See monotonic_constraints in the fit method.
Specifies how many groups to bin predictions by when validation_tuning_metric is "group_mse_by_prediction" (or when loss_function is "group_mse_cycle" and validation_tuning_metric is "default").
When loss_function equals group_mse_cycle then group_mse_cycle_min_obs_in_bin specifies the minimum amount of observations in each group. The loss function group_mse_cycle groups by the first predictor in X in the first boosting step, then by the second predictor in X in the second boosting step, etc. So in each boosting step the predictor to group by is changed. If validation_tuning_metric is "default" then "group_mse_by_prediction" will be used as validation_tuning_metric.
If validation loss does not improve during the last early_stopping_rounds boosting steps then boosting is aborted. The point with this constructor parameter is to speed up the training and make it easier to select a high m.
Specifies the number of initial boosting steps that are reserved only for linear effects. 0 means that non-linear effects are allowed from the first boosting step. Reasons for setting this parameter to a higher value than 0 could be to 1) build a more interpretable model with more emphasis on linear effects or 2) build a linear only model by setting num_first_steps_with_linear_effects_only to no less than m. Please note that when greater than zero then the algorithm chooses the model from the boosting step with the lowest validation error before proceeding to non-linear effects or interactions. The latter prevents overfitting.
Specifies a penalty in the range [0.0, 1.0] on terms that are not linear effects. A higher value increases model interpretability but can hurt predictiveness. Values outside of the [0.0, 1.0] range are rounded to the nearest boundary within the range.
Specifies a penalty in the range [0.0, 1.0] on interaction terms. A higher value increases model interpretability but can hurt predictiveness. Values outside of the [0.0, 1.0] range are rounded to the nearest boundary within the range.
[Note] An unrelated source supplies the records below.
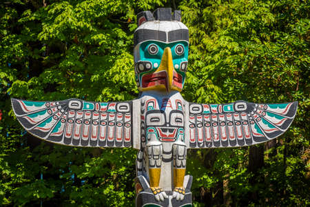 Vancouver, Canada - July 27th 2017: Close up of an eagle themed Totem Pole in Stanley Park, Vancouver, British Columbia, Canada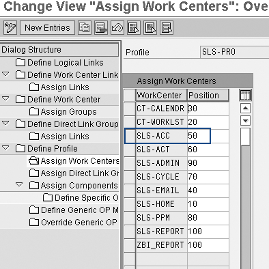 The SALESPRO Navigation Bar Profile SLS- PRO determines the order of the work centers
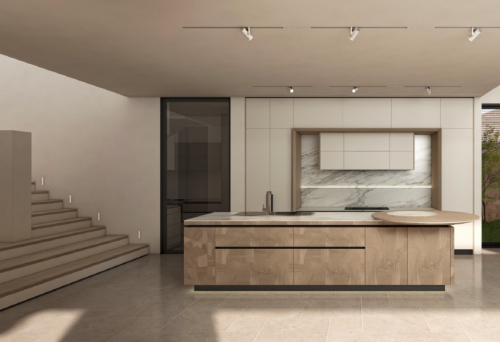 在一层共享空间中,FotileStyle慕士塔格谷雨西厨系统成为智慧与美学的双重叙事者,原始的木制纹、溫润的配色赋予空间温馨情感。开放式的布局科学规划烘焙区、主操作区、小家电区,开放式中岛配置双层旋转台面,创造社交化的多元厨房场景。同时,搭载FIKS OS智慧系统的语音控制,辅助下厨让烹饪更加高效和富有乐趣。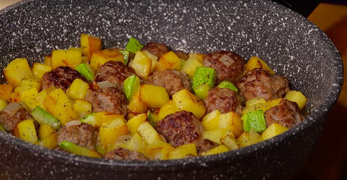 Томаты черри (можно и другие) Приготовление: Берем картофель, кабачок и половинку луковицы нарезаем небольшими кубиками. Обжариваем овощи до полуготовности на растительном масле и снимаем с огня. Фарш по вкусу солим, перчим, добавляем соевый соус и мелко нарезанную вторую половинку луковицы. Фарш хорошенько сбиваем и перемешиваем, добавляем сухой чеснок и снова сбиваем и перемешиваем. Далее из фарша формируем фрикадельки и обжариваем на растительном масле до золотистого цвета. (Совет: перед тем как добавить растительное масло, закиньте на сковородку кусочек сл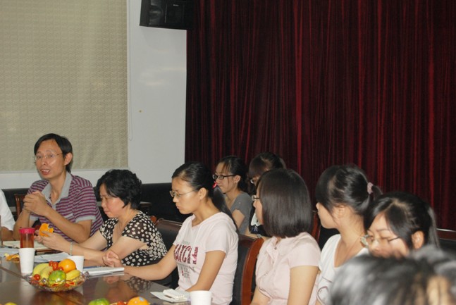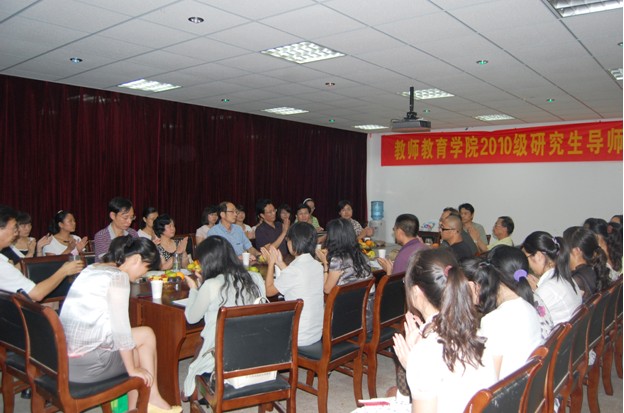 导师也各抒己见,寄予2010级研究生殷切期望。博导施国新提出,研究生首先要学会做人,为人师表;要做好教师职业规划;论文要注重质量的提高,“是做出来的,不是写出来的”。陆真教授分析了2010级研究生培养方案,强调了教师教育专业的四个特点:多学科方向、双导师制、针对实践调整课程内容、实践性,激励研究生们为成为优秀的中学教师而奋斗。马复教授指出研究生需要主动学习、学会质疑和团队合作。其他导师也一一发言,对10级研究生们提出了期望,使得研究生们深受启发,立志在不久的将来成为优秀的人民教育家。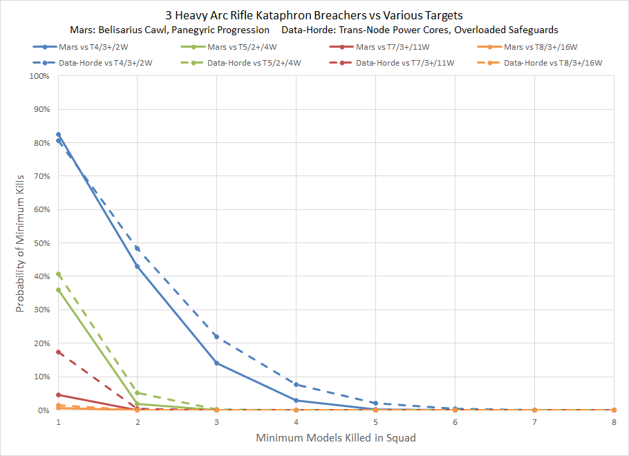 driving attribute but also bypass one of the gatekeepers. For a unit with a 4+ BS this effectively doubles the number of hits that land. To take a look at the effect let's compare the Mars and Data-Horde Forge options. We'll take a unit of 3 Kataphron Breachers firing Heavy Arc Rifles. For Mars we'll assume Belisarius Cawl is nearby for re-rolling hits and that

Restricts the maximum number of terms in any of the underlying models trained to max_terms. The default value of 0 means no limit. After the limit is reached, the remaining boosting steps are used to further update the coefficients of already included terms. An optional tuning objective could be to find the lowest positive value of max_terms that does not increase the prediction error significantly. Low positive values can speed up the training process significantly. Setting a limit with max_terms may require a higher learning rate for best results.
Specifies the (weighted) ridge penalty applied to the model. Positive values can smooth model effects and help mitigate boundary problems, such as regression coefficients with excessively high magnitudes near the boundaries. To find the optimal value, consider using a grid search or similar. Negative values are treated as zero.
Method: fit(X:FloatMatrix, y:FloatVector, sample_weight:FloatVector = np.empty(0), X_names:List[str] = [], cv_observations:IntMatrix = np.empty([0, 0]), prioritized_predictors_indexes:List[int] = [], monotonic_constraints:List[int] = [], group:FloatVector = np.empty(0), interaction_constraints:List[List[int]] = [], other_data:FloatMatrix = np.empty([0, 0]), predictor_learning_rates:List[float] = [], predictor_penalties_for_non_linearity:List[float] = [], predictor_penalties_for_interactions:List[float] = [], predictor_min_observations_in_split: List[int] = [])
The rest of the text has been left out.